By Michael S. Derby
(Reuters) – Federal Reserve Governor Michelle Bowman said on Friday that inflation risks to the economy remain real and labor market data hard to interpret, and that augurs caution with further decisions on central bank rate cuts.
“I continue to see greater risks to the price stability side of our mandate, especially when the labor market continues to be near full employment,” Bowman said at an appearance before the Missouri Bankers Association Executive Management Conference. With that in mind, “I would prefer that we proceed cautiously and gradually in lowering the policy rate, as inflation remains elevated.”
Bowman, whose comments centered mainly on banking issues, spoke after the releases of data detailing the performance of the job market during November.

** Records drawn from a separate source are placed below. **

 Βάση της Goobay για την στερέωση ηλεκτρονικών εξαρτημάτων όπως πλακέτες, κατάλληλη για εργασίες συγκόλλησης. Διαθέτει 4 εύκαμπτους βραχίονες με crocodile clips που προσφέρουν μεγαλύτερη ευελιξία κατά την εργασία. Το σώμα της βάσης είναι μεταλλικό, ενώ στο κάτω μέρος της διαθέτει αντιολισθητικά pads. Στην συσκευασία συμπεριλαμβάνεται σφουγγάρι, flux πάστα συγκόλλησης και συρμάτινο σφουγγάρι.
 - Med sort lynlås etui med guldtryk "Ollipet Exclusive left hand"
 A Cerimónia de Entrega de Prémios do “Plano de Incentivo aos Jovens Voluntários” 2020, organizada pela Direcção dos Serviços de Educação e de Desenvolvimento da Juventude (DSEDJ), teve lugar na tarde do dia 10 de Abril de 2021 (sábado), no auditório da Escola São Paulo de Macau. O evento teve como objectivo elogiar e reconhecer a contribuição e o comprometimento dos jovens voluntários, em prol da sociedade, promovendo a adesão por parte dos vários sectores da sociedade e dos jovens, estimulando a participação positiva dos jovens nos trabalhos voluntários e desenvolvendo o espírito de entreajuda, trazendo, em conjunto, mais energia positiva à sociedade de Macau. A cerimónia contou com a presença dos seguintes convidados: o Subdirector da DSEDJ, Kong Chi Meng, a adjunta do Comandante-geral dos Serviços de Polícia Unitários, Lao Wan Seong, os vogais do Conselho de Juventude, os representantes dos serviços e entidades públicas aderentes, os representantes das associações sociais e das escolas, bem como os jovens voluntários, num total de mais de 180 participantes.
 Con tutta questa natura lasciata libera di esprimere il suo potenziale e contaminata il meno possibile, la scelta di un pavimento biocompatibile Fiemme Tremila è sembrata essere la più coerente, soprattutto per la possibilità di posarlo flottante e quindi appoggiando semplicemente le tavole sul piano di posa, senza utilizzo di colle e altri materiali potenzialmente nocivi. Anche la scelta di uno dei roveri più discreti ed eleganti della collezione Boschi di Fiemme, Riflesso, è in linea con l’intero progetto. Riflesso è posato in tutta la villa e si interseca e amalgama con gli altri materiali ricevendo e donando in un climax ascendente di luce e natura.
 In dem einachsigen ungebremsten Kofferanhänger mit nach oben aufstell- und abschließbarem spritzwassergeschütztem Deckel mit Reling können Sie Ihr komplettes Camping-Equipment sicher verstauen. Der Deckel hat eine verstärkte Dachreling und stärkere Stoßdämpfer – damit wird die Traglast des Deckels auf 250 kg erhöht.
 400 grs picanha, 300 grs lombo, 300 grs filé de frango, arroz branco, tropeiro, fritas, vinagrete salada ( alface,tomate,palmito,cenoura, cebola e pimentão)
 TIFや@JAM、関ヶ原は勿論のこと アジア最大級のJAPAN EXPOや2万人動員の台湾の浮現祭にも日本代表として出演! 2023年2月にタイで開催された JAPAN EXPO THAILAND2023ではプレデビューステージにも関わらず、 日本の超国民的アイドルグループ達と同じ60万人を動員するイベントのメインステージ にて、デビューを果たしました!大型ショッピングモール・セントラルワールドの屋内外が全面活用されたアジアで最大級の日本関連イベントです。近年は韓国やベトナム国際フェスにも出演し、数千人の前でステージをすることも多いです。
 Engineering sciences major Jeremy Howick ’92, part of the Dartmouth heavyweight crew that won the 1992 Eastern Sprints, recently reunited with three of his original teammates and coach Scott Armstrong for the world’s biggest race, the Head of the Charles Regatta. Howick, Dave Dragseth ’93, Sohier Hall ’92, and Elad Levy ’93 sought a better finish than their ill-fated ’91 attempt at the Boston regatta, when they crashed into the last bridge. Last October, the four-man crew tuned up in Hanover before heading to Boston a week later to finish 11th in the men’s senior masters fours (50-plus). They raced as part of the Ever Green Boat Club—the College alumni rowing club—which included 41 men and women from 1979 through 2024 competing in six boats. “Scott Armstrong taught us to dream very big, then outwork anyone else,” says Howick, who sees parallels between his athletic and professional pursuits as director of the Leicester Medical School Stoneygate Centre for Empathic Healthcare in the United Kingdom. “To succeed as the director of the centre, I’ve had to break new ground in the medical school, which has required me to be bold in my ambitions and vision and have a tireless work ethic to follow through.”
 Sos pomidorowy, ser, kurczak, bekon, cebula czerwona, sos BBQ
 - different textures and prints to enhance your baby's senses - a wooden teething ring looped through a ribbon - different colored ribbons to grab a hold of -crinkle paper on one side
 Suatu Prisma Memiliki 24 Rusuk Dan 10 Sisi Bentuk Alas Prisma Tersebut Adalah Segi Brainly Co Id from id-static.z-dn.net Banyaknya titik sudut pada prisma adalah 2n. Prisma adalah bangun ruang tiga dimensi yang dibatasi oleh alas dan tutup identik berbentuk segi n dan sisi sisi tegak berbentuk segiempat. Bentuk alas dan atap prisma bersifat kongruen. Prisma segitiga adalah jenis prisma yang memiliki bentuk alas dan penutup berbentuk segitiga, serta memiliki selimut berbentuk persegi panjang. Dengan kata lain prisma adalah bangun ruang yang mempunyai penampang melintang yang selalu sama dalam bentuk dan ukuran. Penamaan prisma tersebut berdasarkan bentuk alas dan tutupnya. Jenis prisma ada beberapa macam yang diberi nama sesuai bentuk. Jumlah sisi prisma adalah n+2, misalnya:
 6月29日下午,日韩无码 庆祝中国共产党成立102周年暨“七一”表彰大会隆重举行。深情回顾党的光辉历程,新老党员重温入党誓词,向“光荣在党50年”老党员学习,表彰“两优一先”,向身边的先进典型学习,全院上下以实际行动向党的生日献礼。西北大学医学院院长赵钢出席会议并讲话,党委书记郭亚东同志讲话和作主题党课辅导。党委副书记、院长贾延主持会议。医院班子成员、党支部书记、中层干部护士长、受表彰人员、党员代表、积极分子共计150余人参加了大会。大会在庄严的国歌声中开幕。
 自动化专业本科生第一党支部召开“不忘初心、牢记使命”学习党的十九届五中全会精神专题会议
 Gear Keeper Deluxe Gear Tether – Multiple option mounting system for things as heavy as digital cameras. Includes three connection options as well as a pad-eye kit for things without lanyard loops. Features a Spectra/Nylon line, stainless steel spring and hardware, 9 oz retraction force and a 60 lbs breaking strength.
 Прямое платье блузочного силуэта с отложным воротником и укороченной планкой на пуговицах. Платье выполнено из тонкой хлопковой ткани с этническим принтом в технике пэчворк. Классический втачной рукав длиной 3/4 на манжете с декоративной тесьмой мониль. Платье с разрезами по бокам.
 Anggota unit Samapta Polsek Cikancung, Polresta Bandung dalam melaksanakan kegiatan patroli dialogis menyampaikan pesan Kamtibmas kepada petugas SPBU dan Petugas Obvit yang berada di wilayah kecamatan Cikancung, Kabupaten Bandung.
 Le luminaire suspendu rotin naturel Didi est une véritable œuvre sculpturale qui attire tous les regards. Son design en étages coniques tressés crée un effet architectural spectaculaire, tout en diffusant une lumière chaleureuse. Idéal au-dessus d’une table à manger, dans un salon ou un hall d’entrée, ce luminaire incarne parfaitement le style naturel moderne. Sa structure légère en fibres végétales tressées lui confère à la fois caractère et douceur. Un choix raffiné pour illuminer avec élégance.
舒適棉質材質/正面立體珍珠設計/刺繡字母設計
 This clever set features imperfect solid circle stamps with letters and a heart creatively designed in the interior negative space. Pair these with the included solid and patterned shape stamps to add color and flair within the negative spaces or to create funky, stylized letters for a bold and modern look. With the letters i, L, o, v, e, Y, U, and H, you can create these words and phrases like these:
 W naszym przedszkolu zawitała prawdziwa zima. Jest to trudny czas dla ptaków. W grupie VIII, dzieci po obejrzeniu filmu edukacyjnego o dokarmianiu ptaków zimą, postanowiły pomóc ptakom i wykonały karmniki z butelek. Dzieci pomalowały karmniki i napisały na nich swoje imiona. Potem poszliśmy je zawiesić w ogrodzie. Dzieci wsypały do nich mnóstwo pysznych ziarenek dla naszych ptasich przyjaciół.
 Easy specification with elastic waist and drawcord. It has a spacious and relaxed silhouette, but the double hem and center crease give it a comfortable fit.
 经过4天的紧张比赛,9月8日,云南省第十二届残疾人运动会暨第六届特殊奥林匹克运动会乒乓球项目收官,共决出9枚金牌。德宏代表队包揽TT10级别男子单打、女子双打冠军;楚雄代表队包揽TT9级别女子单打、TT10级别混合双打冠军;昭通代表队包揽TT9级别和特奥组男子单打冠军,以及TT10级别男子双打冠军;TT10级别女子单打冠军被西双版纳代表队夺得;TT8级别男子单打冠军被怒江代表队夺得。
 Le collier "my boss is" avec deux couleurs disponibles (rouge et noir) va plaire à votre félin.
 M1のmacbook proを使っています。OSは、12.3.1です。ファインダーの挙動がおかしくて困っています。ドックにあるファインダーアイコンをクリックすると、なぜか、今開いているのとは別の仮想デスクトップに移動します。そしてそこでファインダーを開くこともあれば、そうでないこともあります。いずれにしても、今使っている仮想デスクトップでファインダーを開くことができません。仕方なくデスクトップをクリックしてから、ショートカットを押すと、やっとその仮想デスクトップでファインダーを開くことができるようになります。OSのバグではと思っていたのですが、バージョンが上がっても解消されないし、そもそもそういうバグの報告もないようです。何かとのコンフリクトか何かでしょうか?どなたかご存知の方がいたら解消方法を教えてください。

Hiring sharply rebounded from a difficult October with a gain of 227,000, while the unemployment rate ticked up to 4.2% from 4.1% the prior month.
The jobs data helped bolster market expectations that when policymakers gather for their next Federal Open Market Committee meeting on Dec. 17-18, they will lower the federal funds target rate range, now set between 4.5% and 4.75%, by a quarter percentage point. That would put the Fed’s primary lever to affect the economy down by a full percentage point since September.
Rate cut expectations have been underpinned by the ebbing of inflation pressures coupled with worries tight monetary policy could lead to trouble for the jobs market. Bowman dissented against the size of the Fed’s September rate cut and remains concerned about inflation.
Bowman declined to say what she thinks the Fed should do at the upcoming meeting. She said Friday’s employment report and inflation data next week would “help support a decision or my approach to how I’m thinking about the FOMC decision in a week and a half.”
Bowman said in her remarks that the economy remains strong, noting core inflation is above the Fed’s target and the unemployment rate, even as it has risen, remains well below its long-term average.
“We’ve seen progress in lowering inflation but that progress seems to have stalled this year,” Bowman said. Meanwhile, the job market is at “full employment” and the data describing the state of hiring is “increasingly difficult to interpret” and showing signs of “unreliability” in the face of “measurement challenges and data revisions.”
“I’m still cautious about taking signals from only a limited set of real-time data releases like the labor market data,” Bowman said.
The Fed governor also questioned a fundamental sense among central bankers that the current level of interest rates is providing restraint on the economy. “It’s hard to think that the level of interest rates is restrictive at this point” given how the economy is performing, she said.